• **Data listing**
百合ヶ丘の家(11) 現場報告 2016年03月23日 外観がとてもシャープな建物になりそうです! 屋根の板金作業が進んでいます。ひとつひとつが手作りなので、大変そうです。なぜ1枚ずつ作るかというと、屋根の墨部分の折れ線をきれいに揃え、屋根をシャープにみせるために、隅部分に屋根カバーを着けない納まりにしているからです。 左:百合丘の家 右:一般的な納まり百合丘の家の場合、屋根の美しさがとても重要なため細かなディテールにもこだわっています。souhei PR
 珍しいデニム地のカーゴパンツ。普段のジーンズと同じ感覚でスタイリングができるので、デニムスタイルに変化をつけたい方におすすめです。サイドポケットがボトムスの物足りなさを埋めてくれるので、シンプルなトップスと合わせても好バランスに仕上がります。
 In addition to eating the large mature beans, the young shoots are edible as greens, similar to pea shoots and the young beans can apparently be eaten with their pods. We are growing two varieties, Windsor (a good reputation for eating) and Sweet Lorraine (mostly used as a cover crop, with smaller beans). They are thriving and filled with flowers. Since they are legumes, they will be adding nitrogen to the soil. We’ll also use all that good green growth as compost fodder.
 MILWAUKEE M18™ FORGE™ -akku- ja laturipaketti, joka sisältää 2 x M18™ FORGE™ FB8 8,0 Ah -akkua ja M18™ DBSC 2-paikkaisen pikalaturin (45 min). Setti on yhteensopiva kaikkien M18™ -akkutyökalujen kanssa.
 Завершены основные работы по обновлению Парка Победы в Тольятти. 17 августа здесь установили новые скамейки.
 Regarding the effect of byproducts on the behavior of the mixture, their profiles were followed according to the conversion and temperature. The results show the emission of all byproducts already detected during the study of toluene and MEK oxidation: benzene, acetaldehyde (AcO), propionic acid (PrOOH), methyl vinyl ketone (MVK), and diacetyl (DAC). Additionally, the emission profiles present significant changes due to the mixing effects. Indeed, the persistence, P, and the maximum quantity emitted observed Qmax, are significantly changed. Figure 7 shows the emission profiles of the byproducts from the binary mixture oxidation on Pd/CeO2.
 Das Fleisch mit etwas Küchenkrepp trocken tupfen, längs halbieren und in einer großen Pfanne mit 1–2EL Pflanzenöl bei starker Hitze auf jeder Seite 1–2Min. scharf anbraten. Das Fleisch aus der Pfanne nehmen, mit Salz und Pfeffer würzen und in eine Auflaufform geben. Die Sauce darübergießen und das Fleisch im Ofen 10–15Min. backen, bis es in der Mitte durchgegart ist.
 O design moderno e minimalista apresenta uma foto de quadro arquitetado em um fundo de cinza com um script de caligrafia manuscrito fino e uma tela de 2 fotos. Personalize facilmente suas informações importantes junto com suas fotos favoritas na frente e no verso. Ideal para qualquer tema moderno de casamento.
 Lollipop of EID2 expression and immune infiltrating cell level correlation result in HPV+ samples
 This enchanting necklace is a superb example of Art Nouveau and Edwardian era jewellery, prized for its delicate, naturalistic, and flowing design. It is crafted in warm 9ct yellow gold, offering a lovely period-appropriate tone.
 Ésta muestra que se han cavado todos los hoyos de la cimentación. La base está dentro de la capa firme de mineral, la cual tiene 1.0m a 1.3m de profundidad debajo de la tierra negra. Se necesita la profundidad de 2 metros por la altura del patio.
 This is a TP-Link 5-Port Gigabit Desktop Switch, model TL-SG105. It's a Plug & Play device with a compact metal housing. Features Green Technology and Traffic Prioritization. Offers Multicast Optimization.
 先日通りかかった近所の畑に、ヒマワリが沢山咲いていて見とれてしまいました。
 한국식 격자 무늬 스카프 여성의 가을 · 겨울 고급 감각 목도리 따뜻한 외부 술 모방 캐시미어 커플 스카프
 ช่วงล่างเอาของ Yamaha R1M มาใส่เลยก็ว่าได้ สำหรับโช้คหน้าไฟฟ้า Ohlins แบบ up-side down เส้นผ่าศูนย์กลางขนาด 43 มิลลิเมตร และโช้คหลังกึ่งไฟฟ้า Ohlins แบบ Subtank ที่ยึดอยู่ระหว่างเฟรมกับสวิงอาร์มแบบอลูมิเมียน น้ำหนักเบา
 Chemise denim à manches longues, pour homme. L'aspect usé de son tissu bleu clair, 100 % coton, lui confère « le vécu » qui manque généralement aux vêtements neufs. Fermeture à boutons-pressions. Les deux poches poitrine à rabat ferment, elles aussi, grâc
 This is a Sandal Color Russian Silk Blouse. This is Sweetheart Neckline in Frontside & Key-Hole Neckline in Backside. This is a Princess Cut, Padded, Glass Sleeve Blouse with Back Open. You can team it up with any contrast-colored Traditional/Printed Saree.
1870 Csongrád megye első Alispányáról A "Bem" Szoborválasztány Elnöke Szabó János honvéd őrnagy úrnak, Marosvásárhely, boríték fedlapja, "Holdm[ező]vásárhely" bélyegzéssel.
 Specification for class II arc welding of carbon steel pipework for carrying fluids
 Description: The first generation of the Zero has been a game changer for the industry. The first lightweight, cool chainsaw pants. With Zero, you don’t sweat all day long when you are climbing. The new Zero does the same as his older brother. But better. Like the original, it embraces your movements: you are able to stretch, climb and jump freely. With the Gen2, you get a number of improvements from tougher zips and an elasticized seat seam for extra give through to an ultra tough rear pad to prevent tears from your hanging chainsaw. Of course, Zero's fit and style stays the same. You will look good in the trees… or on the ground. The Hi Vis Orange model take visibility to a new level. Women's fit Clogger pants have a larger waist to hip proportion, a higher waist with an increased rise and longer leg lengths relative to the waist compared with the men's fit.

• **Task brief**
Set down exactly the lines above that run from the start of the listing to the line with "Regarding the effect". Leave out every later line.

• **Output**
百合ヶ丘の家(11) 現場報告 2016年03月23日 外観がとてもシャープな建物になりそうです! 屋根の板金作業が進んでいます。ひとつひとつが手作りなので、大変そうです。なぜ1枚ずつ作るかというと、屋根の墨部分の折れ線をきれいに揃え、屋根をシャープにみせるために、隅部分に屋根カバーを着けない納まりにしているからです。 左:百合丘の家 右:一般的な納まり百合丘の家の場合、屋根の美しさがとても重要なため細かなディテールにもこだわっています。souhei PR
 珍しいデニム地のカーゴパンツ。普段のジーンズと同じ感覚でスタイリングができるので、デニムスタイルに変化をつけたい方におすすめです。サイドポケットがボトムスの物足りなさを埋めてくれるので、シンプルなトップスと合わせても好バランスに仕上がります。
 In addition to eating the large mature beans, the young shoots are edible as greens, similar to pea shoots and the young beans can apparently be eaten with their pods. We are growing two varieties, Windsor (a good reputation for eating) and Sweet Lorraine (mostly used as a cover crop, with smaller beans). They are thriving and filled with flowers. Since they are legumes, they will be adding nitrogen to the soil. We’ll also use all that good green growth as compost fodder.
 MILWAUKEE M18™ FORGE™ -akku- ja laturipaketti, joka sisältää 2 x M18™ FORGE™ FB8 8,0 Ah -akkua ja M18™ DBSC 2-paikkaisen pikalaturin (45 min). Setti on yhteensopiva kaikkien M18™ -akkutyökalujen kanssa.
 Завершены основные работы по обновлению Парка Победы в Тольятти. 17 августа здесь установили новые скамейки.
 Regarding the effect of byproducts on the behavior of the mixture, their profiles were followed according to the conversion and temperature. The results show the emission of all byproducts already detected during the study of toluene and MEK oxidation: benzene, acetaldehyde (AcO), propionic acid (PrOOH), methyl vinyl ketone (MVK), and diacetyl (DAC). Additionally, the emission profiles present significant changes due to the mixing effects. Indeed, the persistence, P, and the maximum quantity emitted observed Qmax, are significantly changed. Figure 7 shows the emission profiles of the byproducts from the binary mixture oxidation on Pd/CeO2.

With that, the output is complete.